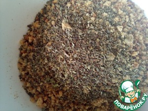 В еще одну тарелку насыпать сухари. У меня были домашние перемолотые сухари. Добавить к ним смесь сухих трав и посолить по вкусу.
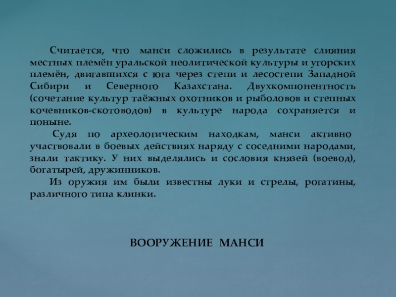 Слайд 18ВООРУЖЕНИЕ МАНСИ
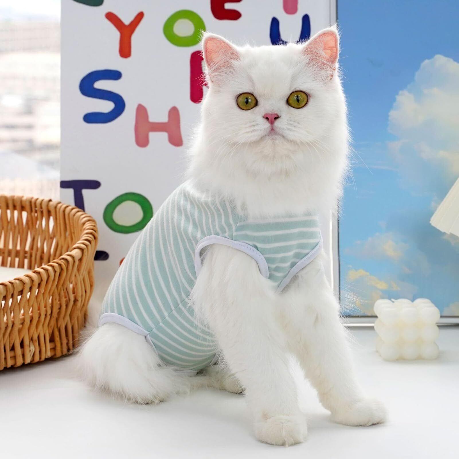 この猫術後服を着用すると、猫体毛センサーを狂わせず、ストレスない行動ができる。傷口悪化を防ぎ、患部の舐め壊しを防止する。
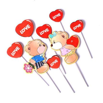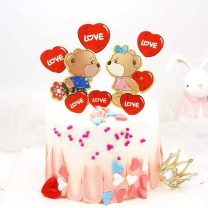 8PCs Cute Love Red Heart Couple Bear Valentine’s Day Cake Topper Set
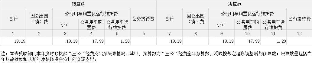 2.公务用车购置及运行费支出决算为19.19万元,完成年初预算的100%;其中:
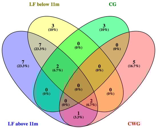 A Venn’s diagram of fungal taxa shown by Lake Fryxell (LF) isolate above and below 11 m depth as well as streams feeding Lake Fryxell of Canada Glacier stream (CG) and Commonwealth Glacier stream (CWG).
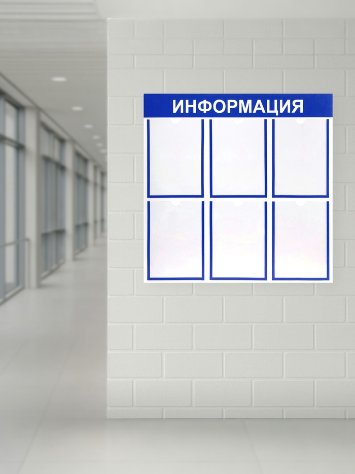 Информационный стенд «Информация» 6 плоских карманов А4, синий
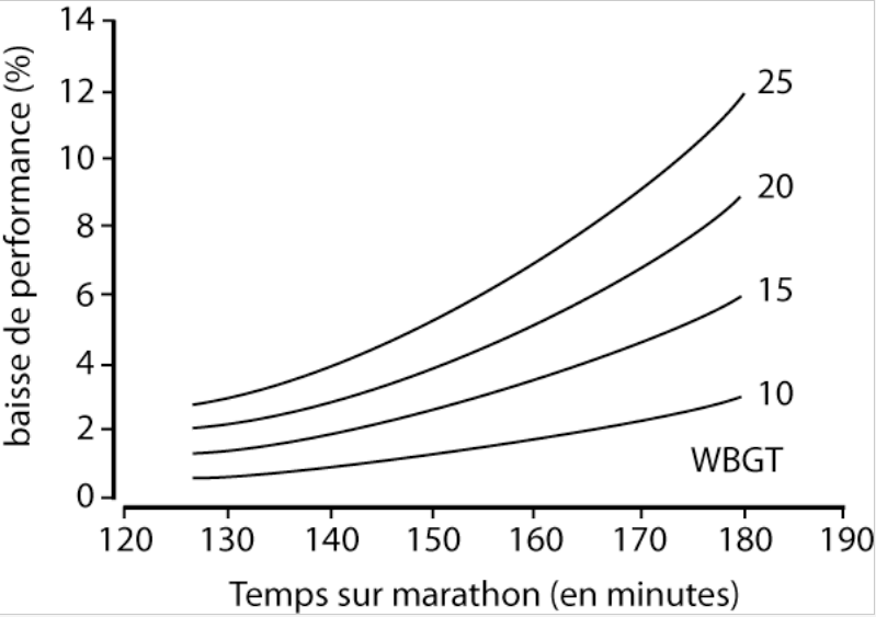 Le graphique ci-dessous, tiré d’une étude d’Ely et al. (2007) et repris par le site www.courir-plus-loin.com montre le pourcentage de baisse de performance en fonction du temps réalisé sur marathon et de conditions climatiques différentes définies par l’indice WBGT. L’indice WBGT intègre le facteur température ainsi que plusieurs autres paramètres comme l’humidité, le rayonnement solaire, ou encore le vent. Plus l’indice WBGT est élevé, plus les conditions de course sont difficiles.
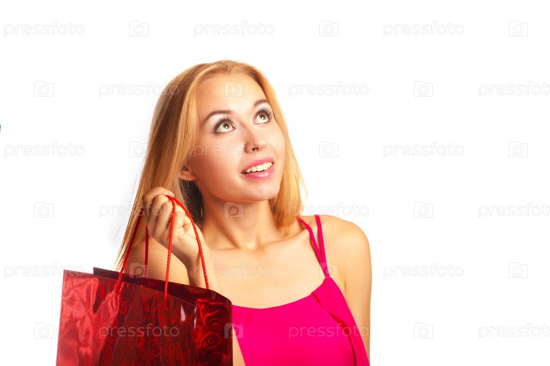 Женщина с покупками на белом фоне
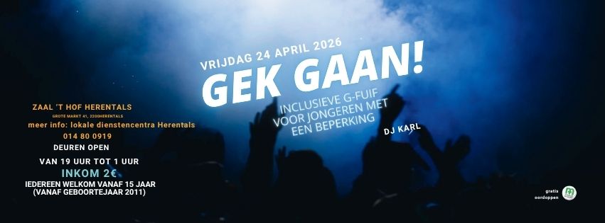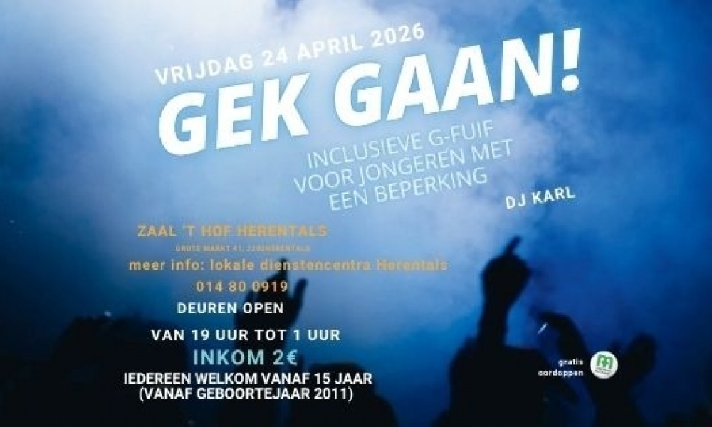Op vrijdag 24 april organiseert het OPH (Overleg voor Personen met een Handicap) in Herentals een spetterende G-fuif! Een avond vol muziek, sfeer en ontmoeting waar iedereen van harte welkom is.

**Requirement**
From the material above, output only the span of lines that starts at the one containing "8PCs Cute Love" and finishes at the one containing "карманов А4, синий", word for word and free of pictures.

**Task output**
 8PCs Cute Love Red Heart Couple Bear Valentine’s Day Cake Topper Set
 2.公务用车购置及运行费支出决算为19.19万元,完成年初预算的100%;其中:
 A Venn’s diagram of fungal taxa shown by Lake Fryxell (LF) isolate above and below 11 m depth as well as streams feeding Lake Fryxell of Canada Glacier stream (CG) and Commonwealth Glacier stream (CWG).
 Информационный стенд «Информация» 6 плоских карманов А4, синий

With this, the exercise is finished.